Его заставил прервать работу удар по ноге, от которого Михаил вздрогнул и едва не уронил молоток себе на голову. Он быстро вылез из-под машины и увидел двух вооруженных людей. Лица их заставили Крашенинникова поежиться и вспомнить о первых годах после взрыва, когда на многих новорожденных сказывались его последствия. Похоже, что и эти двое родились в первый или второй год новой эры. Ведь по их внешности вообще трудно было сказать, молоды они или нет. Лица невероятно худы и вытянуты, с впалыми щеками, оспинами и морщинами. У одного так называемая заячья губа, и это не шрам. Он родился таким. У второго расстояние между глазами было невероятно велико, и казалось, они смотрят в разные стороны. Черные плащи с большими, натянутыми на голову капюшонами дополняли их внешность совершенно инфернальными деталями, от чего стало не по себе. Но еще больше пугало то, что у обоих в руках имелись винтовки.
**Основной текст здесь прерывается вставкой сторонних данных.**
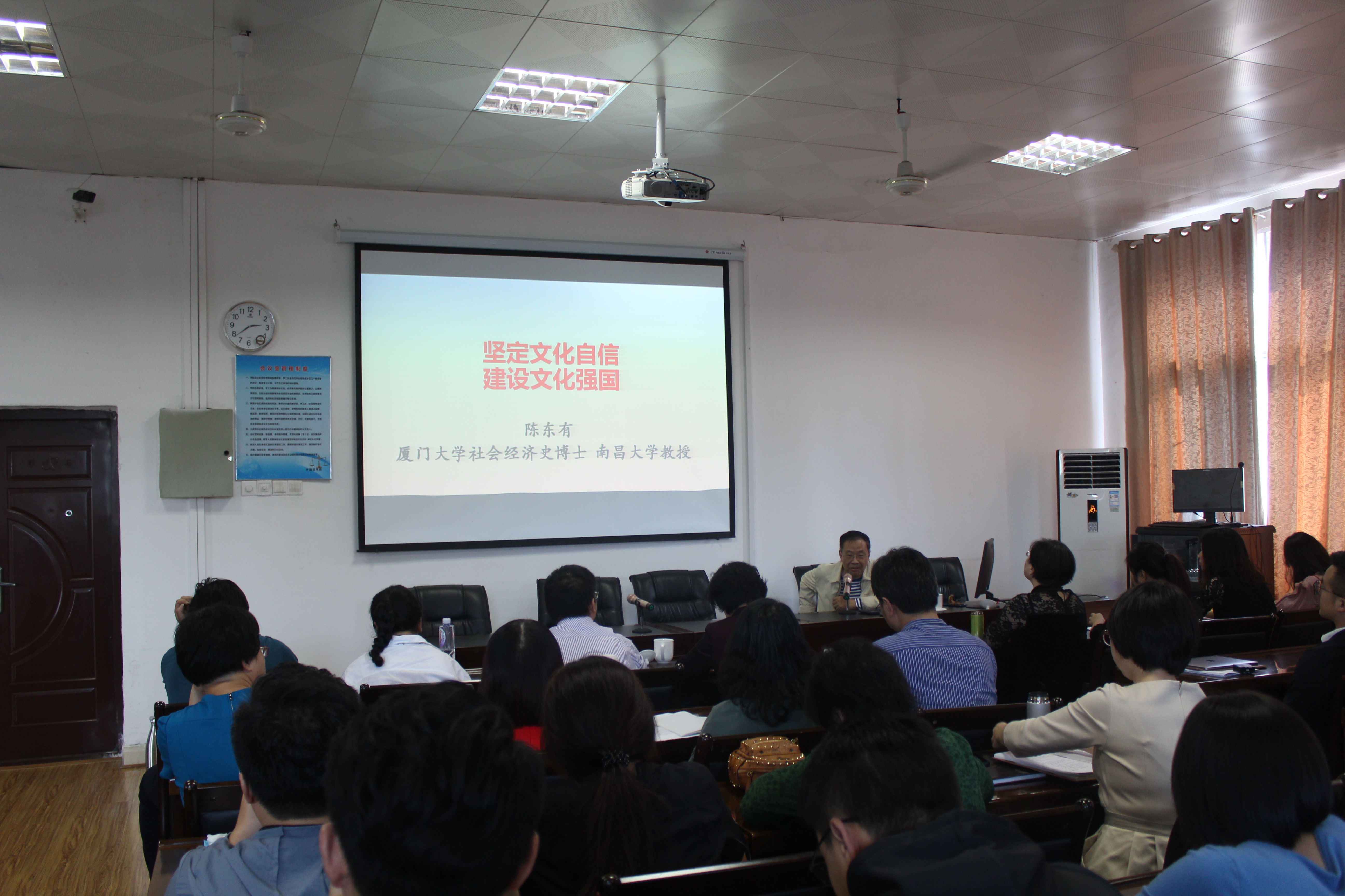 近日,南昌大学博导、原江西省委宣传部常务部长陈东有教授以《坚定文化自信、建设文化强国》为题,给外国语学院师生作专题讲座,校纪委书记乔金霞主持,全院老师和研究生近100人现场聆听讲座。

Михаил не мог себе позволить как-то предвзято относиться к людям, чьи матери подверглись опасным излучениям термоядерного взрыва и это сказалось на их внешности. Но он не мог не думать о том, насколько пагубным это воздействие сказалось на адекватности или неадекватности мышления этих детей апокалипсиса, когда видел, что им доверили оружие. В конце концов, они могли вырасти с ненавистью к тем, кто не изуродован чудовищной катастрофой так, как они. И они могли выместить свою ненависть на нем, человеке, которому всю его молодость улыбались женщины и который не растерял своего обаяния и сейчас.
– Ты кто такой?! – брызнул слюной зайчегубый. – Чего здесь делаешь?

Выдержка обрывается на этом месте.